PROBLEM TO SOLVE:
Give the lines below again, exactly as they stand, and leave out the images.

PROVIDED RECORDS:
↓
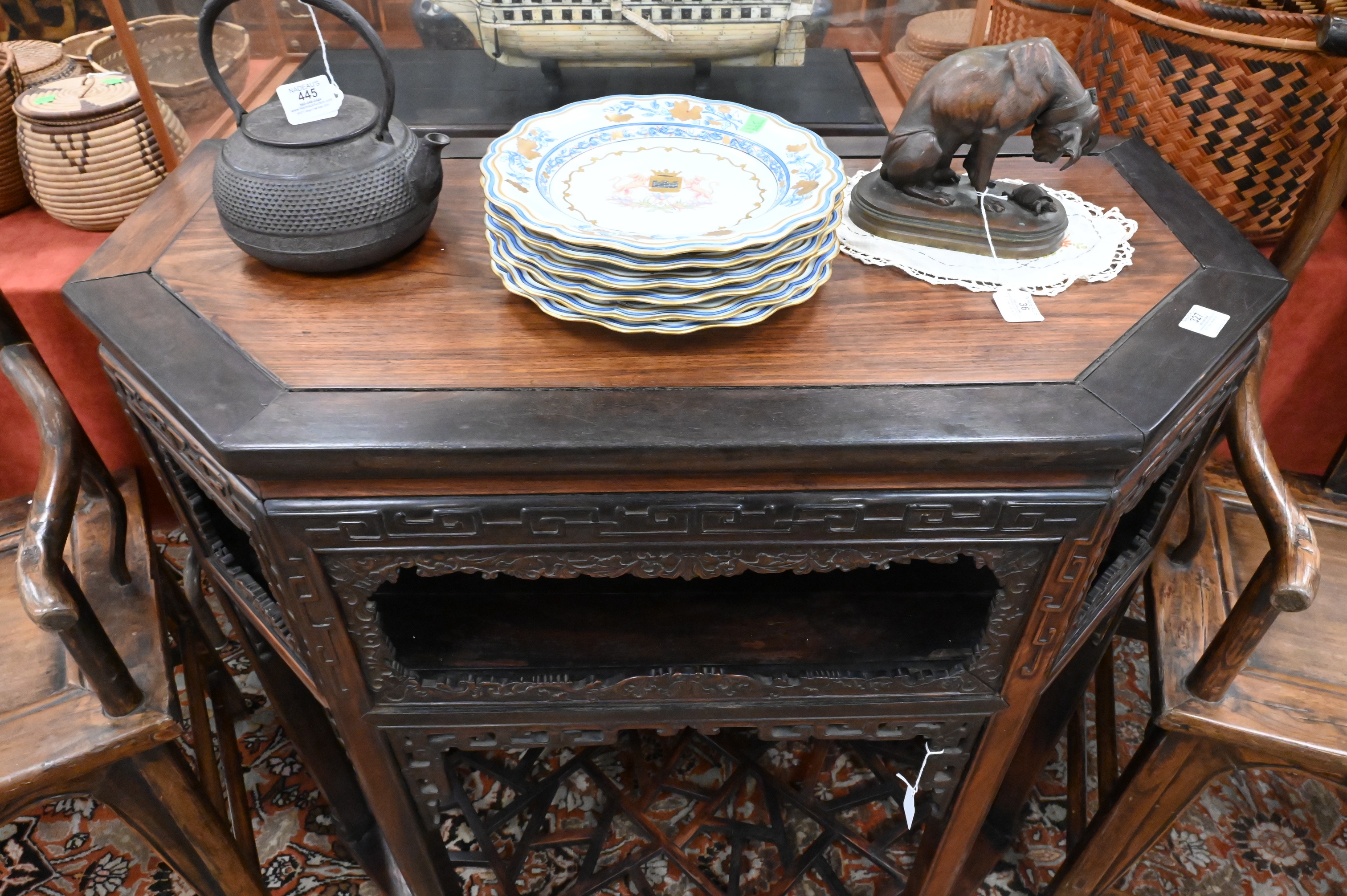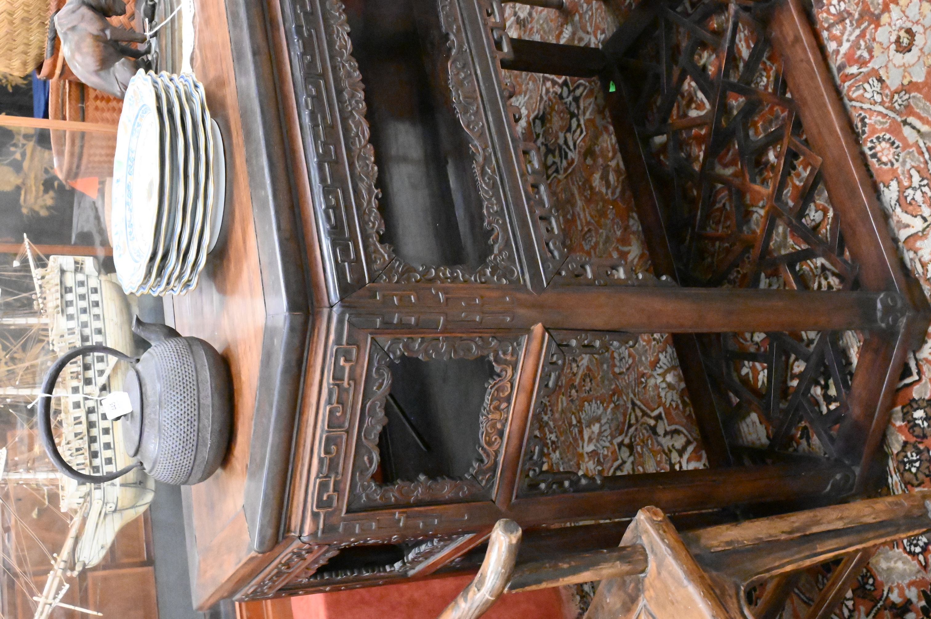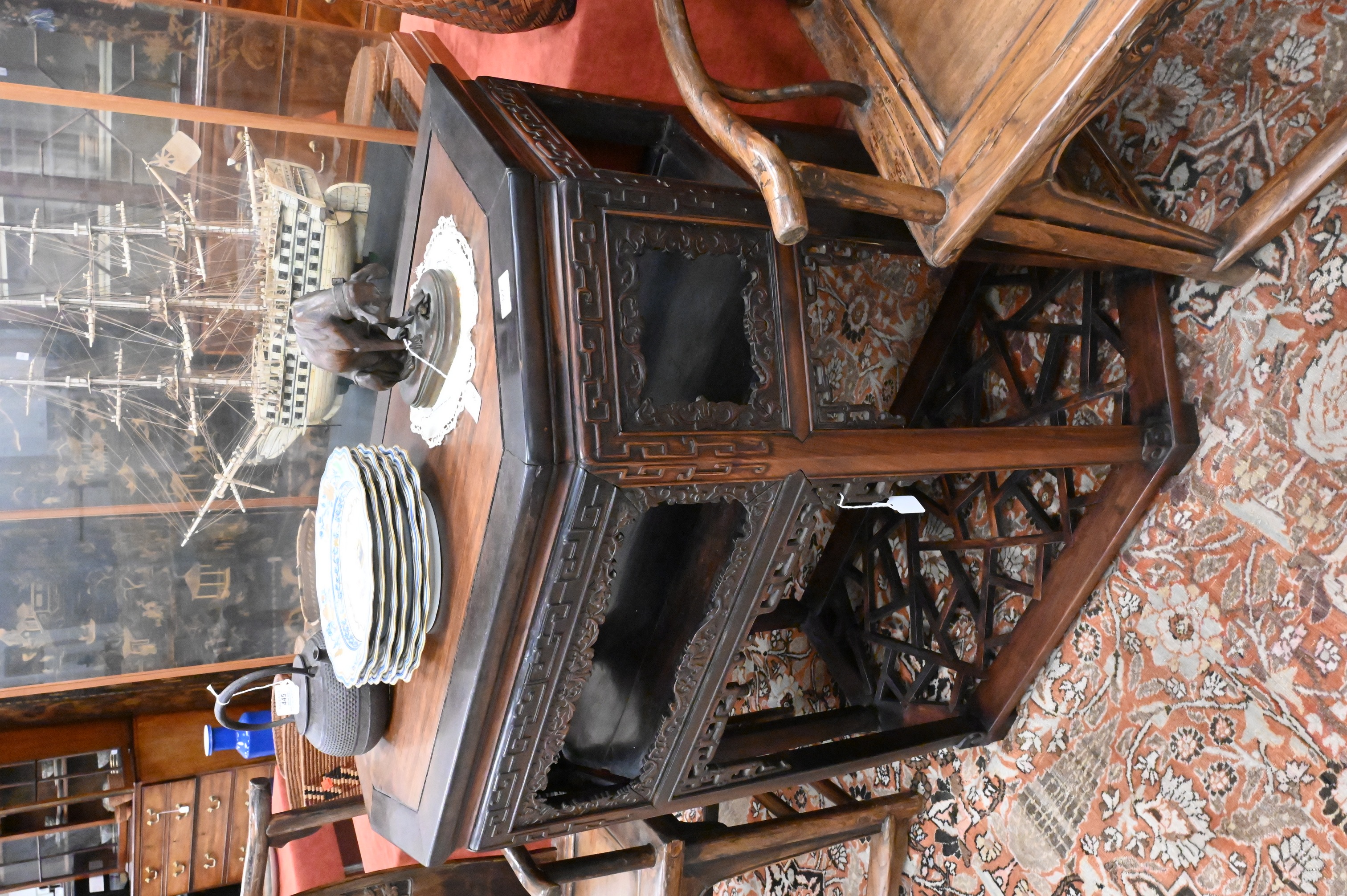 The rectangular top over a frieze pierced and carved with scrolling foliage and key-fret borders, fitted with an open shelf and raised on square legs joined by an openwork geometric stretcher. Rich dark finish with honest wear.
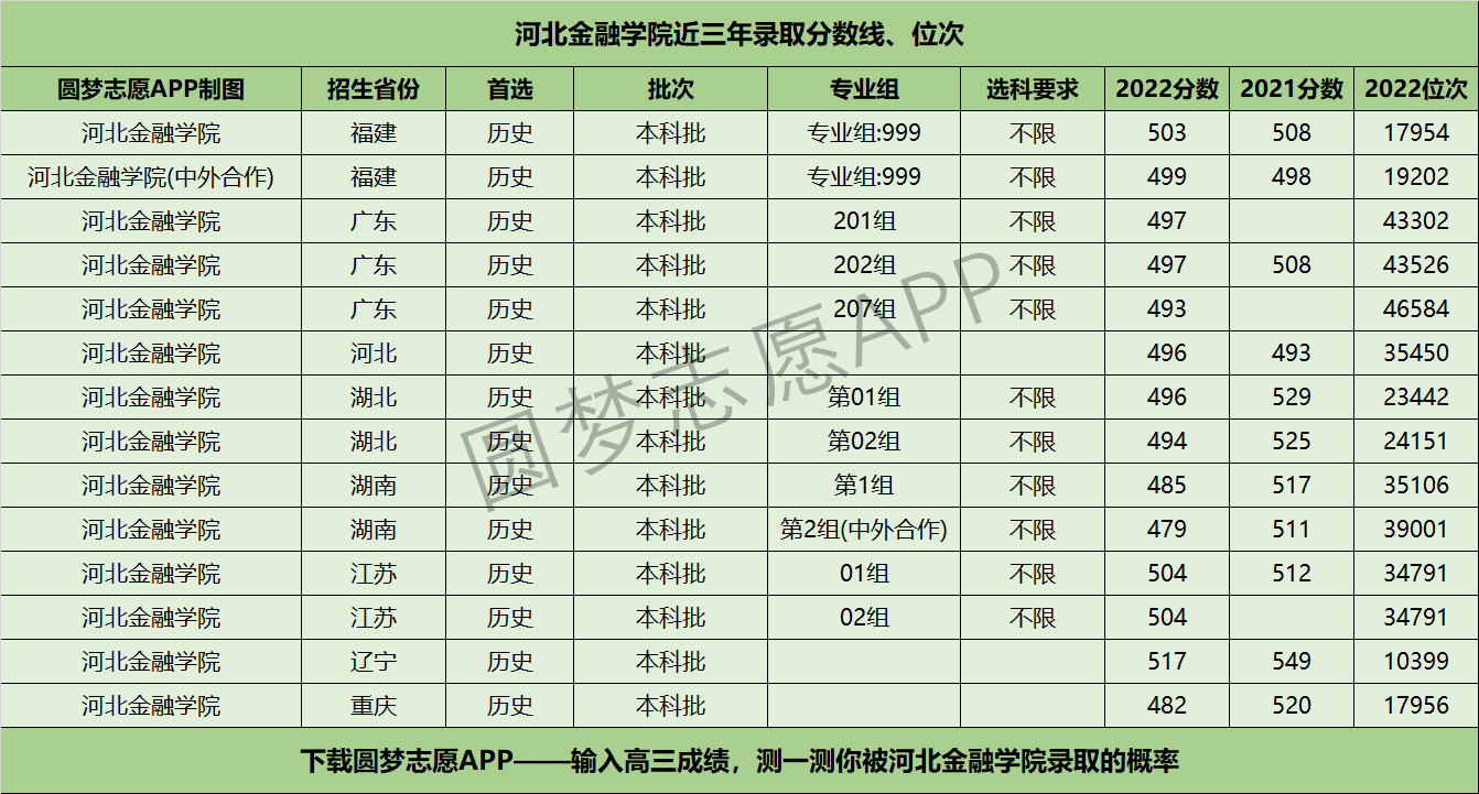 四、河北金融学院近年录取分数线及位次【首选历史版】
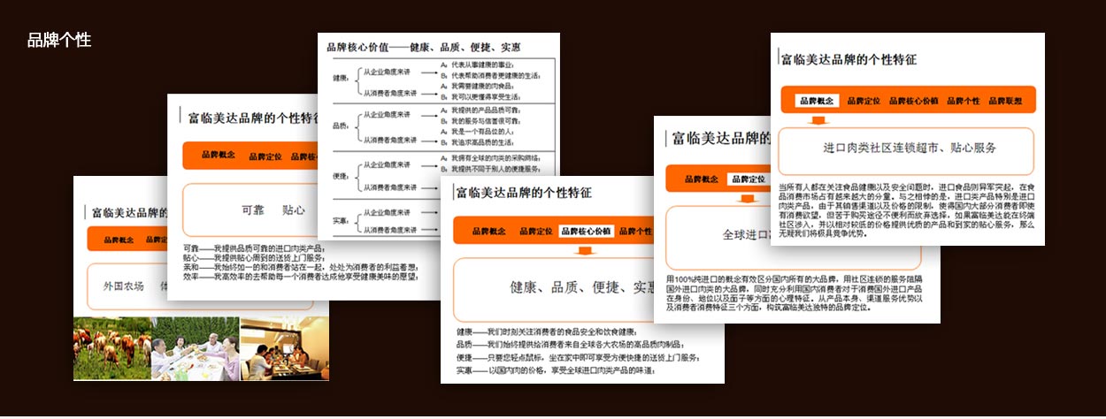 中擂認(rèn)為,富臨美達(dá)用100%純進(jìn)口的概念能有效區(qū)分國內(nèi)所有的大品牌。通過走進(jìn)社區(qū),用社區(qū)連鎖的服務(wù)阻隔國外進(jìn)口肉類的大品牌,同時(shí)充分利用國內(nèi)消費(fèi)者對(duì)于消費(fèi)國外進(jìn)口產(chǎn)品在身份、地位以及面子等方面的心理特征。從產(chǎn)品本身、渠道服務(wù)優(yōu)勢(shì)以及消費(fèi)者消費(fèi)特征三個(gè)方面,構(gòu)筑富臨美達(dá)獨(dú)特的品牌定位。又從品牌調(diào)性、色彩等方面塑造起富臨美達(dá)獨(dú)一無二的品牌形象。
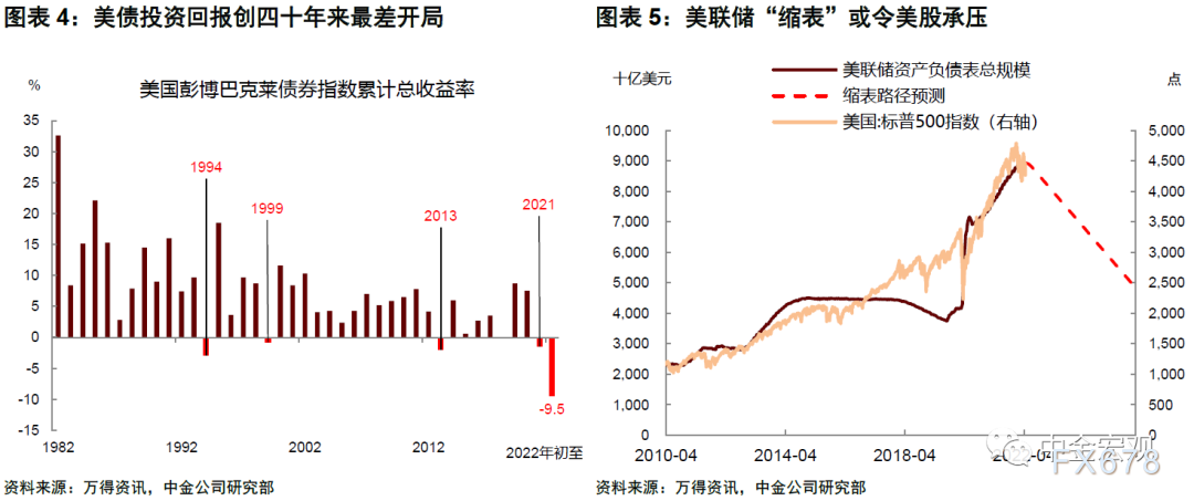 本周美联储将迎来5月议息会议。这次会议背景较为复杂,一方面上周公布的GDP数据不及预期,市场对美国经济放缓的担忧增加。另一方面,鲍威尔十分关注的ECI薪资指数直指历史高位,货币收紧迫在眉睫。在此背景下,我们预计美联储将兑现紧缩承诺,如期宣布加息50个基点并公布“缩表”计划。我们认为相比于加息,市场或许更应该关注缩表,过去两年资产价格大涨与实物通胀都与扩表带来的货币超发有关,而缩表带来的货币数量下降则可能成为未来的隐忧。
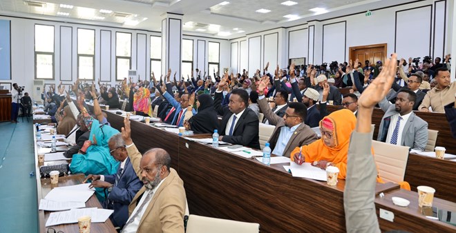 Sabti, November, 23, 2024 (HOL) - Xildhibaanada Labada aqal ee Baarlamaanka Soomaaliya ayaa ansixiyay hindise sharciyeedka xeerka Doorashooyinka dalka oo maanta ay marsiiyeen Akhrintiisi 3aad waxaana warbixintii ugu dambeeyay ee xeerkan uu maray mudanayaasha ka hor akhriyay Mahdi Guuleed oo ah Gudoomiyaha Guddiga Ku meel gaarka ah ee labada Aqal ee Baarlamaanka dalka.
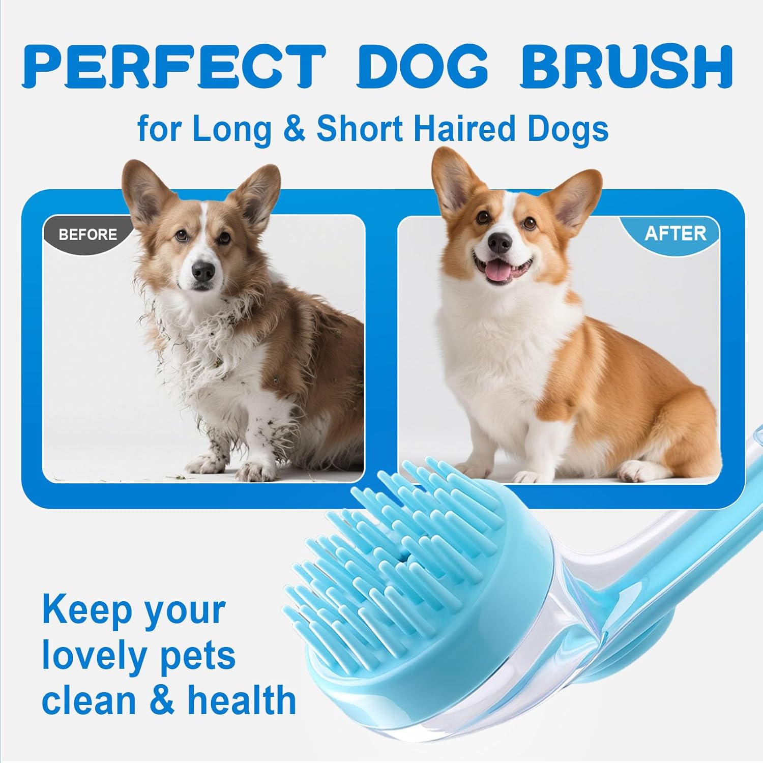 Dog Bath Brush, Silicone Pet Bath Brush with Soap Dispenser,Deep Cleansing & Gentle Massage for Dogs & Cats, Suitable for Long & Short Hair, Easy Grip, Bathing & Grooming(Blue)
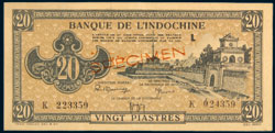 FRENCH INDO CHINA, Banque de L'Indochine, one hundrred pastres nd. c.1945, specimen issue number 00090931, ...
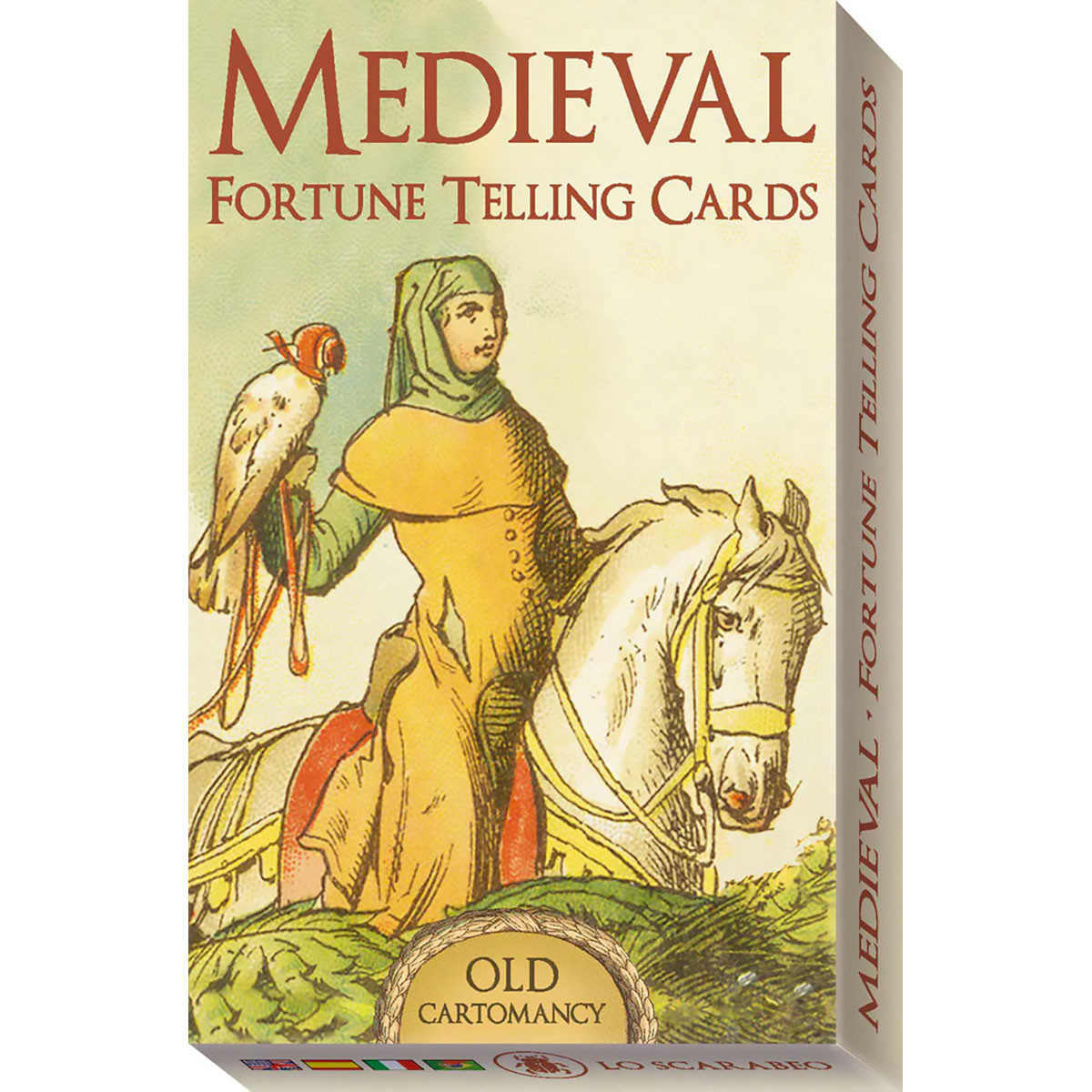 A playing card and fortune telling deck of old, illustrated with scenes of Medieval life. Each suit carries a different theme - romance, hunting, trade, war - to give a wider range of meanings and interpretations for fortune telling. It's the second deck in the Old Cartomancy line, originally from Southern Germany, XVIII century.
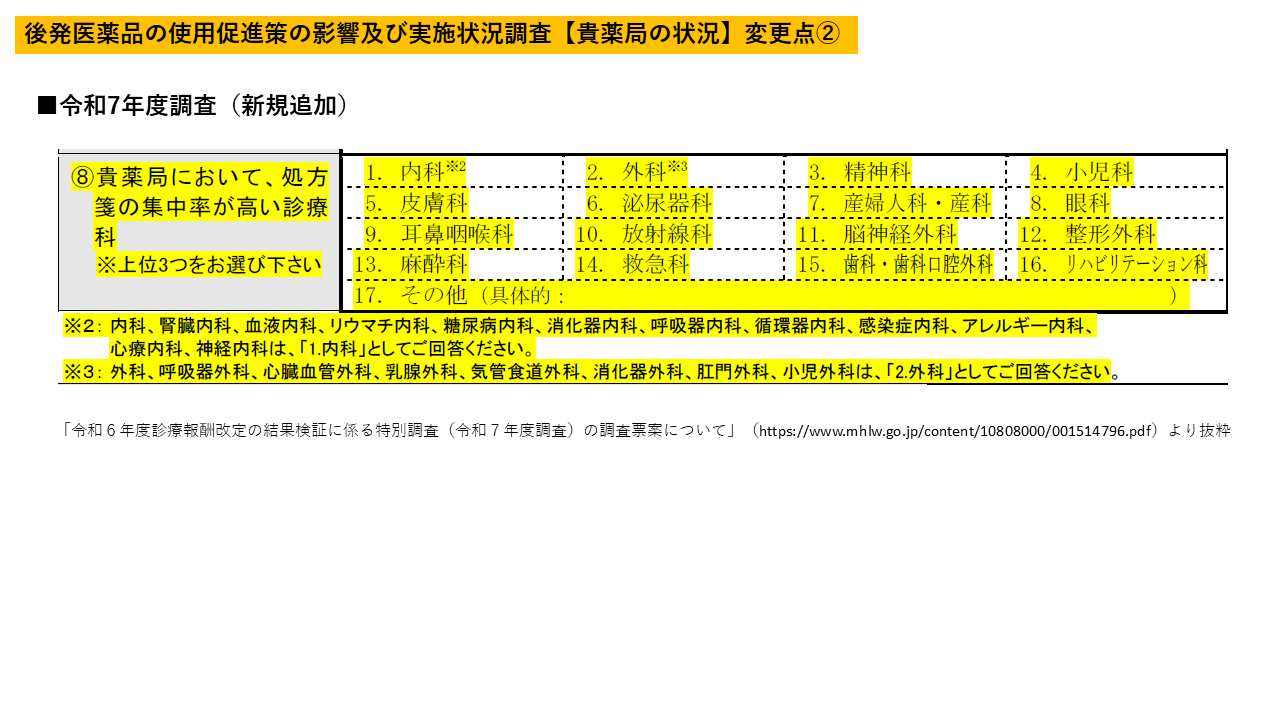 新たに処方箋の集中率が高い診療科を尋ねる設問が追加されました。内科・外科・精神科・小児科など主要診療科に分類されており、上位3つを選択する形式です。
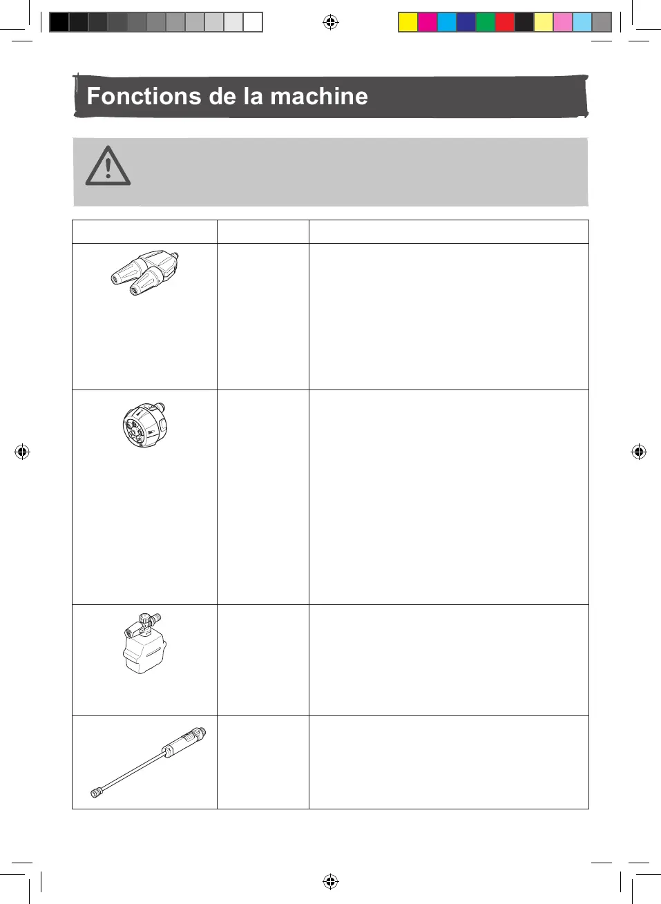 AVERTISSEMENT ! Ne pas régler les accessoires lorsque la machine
↑
EXPECTED ANSWER:
 The rectangular top over a frieze pierced and carved with scrolling foliage and key-fret borders, fitted with an open shelf and raised on square legs joined by an openwork geometric stretcher. Rich dark finish with honest wear.
 四、河北金融学院近年录取分数线及位次【首选历史版】
 中擂認(rèn)為,富臨美達(dá)用100%純進(jìn)口的概念能有效區(qū)分國內(nèi)所有的大品牌。通過走進(jìn)社區(qū),用社區(qū)連鎖的服務(wù)阻隔國外進(jìn)口肉類的大品牌,同時(shí)充分利用國內(nèi)消費(fèi)者對(duì)于消費(fèi)國外進(jìn)口產(chǎn)品在身份、地位以及面子等方面的心理特征。從產(chǎn)品本身、渠道服務(wù)優(yōu)勢(shì)以及消費(fèi)者消費(fèi)特征三個(gè)方面,構(gòu)筑富臨美達(dá)獨(dú)特的品牌定位。又從品牌調(diào)性、色彩等方面塑造起富臨美達(dá)獨(dú)一無二的品牌形象。
 本周美联储将迎来5月议息会议。这次会议背景较为复杂,一方面上周公布的GDP数据不及预期,市场对美国经济放缓的担忧增加。另一方面,鲍威尔十分关注的ECI薪资指数直指历史高位,货币收紧迫在眉睫。在此背景下,我们预计美联储将兑现紧缩承诺,如期宣布加息50个基点并公布“缩表”计划。我们认为相比于加息,市场或许更应该关注缩表,过去两年资产价格大涨与实物通胀都与扩表带来的货币超发有关,而缩表带来的货币数量下降则可能成为未来的隐忧。
 Sabti, November, 23, 2024 (HOL) - Xildhibaanada Labada aqal ee Baarlamaanka Soomaaliya ayaa ansixiyay hindise sharciyeedka xeerka Doorashooyinka dalka oo maanta ay marsiiyeen Akhrintiisi 3aad waxaana warbixintii ugu dambeeyay ee xeerkan uu maray mudanayaasha ka hor akhriyay Mahdi Guuleed oo ah Gudoomiyaha Guddiga Ku meel gaarka ah ee labada Aqal ee Baarlamaanka dalka.
 Dog Bath Brush, Silicone Pet Bath Brush with Soap Dispenser,Deep Cleansing & Gentle Massage for Dogs & Cats, Suitable for Long & Short Hair, Easy Grip, Bathing & Grooming(Blue)
 FRENCH INDO CHINA, Banque de L'Indochine, one hundrred pastres nd. c.1945, specimen issue number 00090931, ...
 A playing card and fortune telling deck of old, illustrated with scenes of Medieval life. Each suit carries a different theme - romance, hunting, trade, war - to give a wider range of meanings and interpretations for fortune telling. It's the second deck in the Old Cartomancy line, originally from Southern Germany, XVIII century.
 新たに処方箋の集中率が高い診療科を尋ねる設問が追加されました。内科・外科・精神科・小児科など主要診療科に分類されており、上位3つを選択する形式です。
 AVERTISSEMENT ! Ne pas régler les accessoires lorsque la machine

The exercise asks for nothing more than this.